Seeking to vindicate oneself instead of having a heart to serve.
Trying to be right instead of explaining to help the individual better understand where you are coming from.
Being angry rather than pursuing an understanding of where the other person is coming from.
Demeaning rather than building up.
But extending wrong when we have been wronged does not make things right. Extending wrong when we have been wronged only adds to wrong. We can never get bored with the need to provide self-effacing service to others, even when we are being mistreated.

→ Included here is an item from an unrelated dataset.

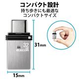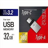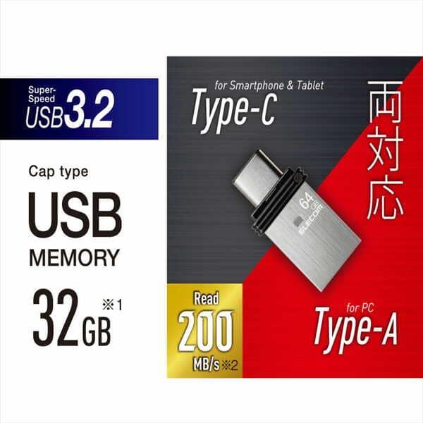 ELECOM USBメモリ 32GB USB3.2(Gen1) 3.1(Gen1) 3.0 2.0 2in1 Type-C USB A キャップ式 シルバー MF-CAU32032GSV

Please hear me; I am not saying to be a doormat and to allow others to demean the image of God that you bear. You need to respect yourself as God’s child and ensure that you are not subjecting yourself to abuse. Certainly, wisdom needs to be exercised always. But there is a way that calls us to “absorb the blow” for the sake of loving and serving our “opponent” in such moments of being unfairly criticized. It is the way of Jesus.
In Romans 12:14, Paul talks of the proper response toward those who wrong you. Paul writes, “Bless those who persecute you; bless and do not curse them.” Rather than returning mistreatment, Christians should instead love and seek to benefit the individual. It means intentionally refraining from responding wrongly and intentionally giving of ourselves instead.
In Romans 12:17-18, Paul once again focuses on the needed response: “Repay no one evil for evil, but give thought to do what is honorable in the sight of all. If possible, so far as it depends on you, live peaceably with all.” Paul’s comments in verse 17 about doing “what is honorable” publicly resonates. People are watching, and a lost society sees how Christians behave. Are we known for our Christ-like love? When those outside of the church encounter Christians, do they encounter a redemptive presence? When an unbelieving world sees Christians interact with one another, do they witness a unity that reflects the one church? We are supposed to be different. We are to do everything we can to live lives that seek peace. If we have done all we can to be at peace with everyone, we have done what we can do. What is in our control is our response.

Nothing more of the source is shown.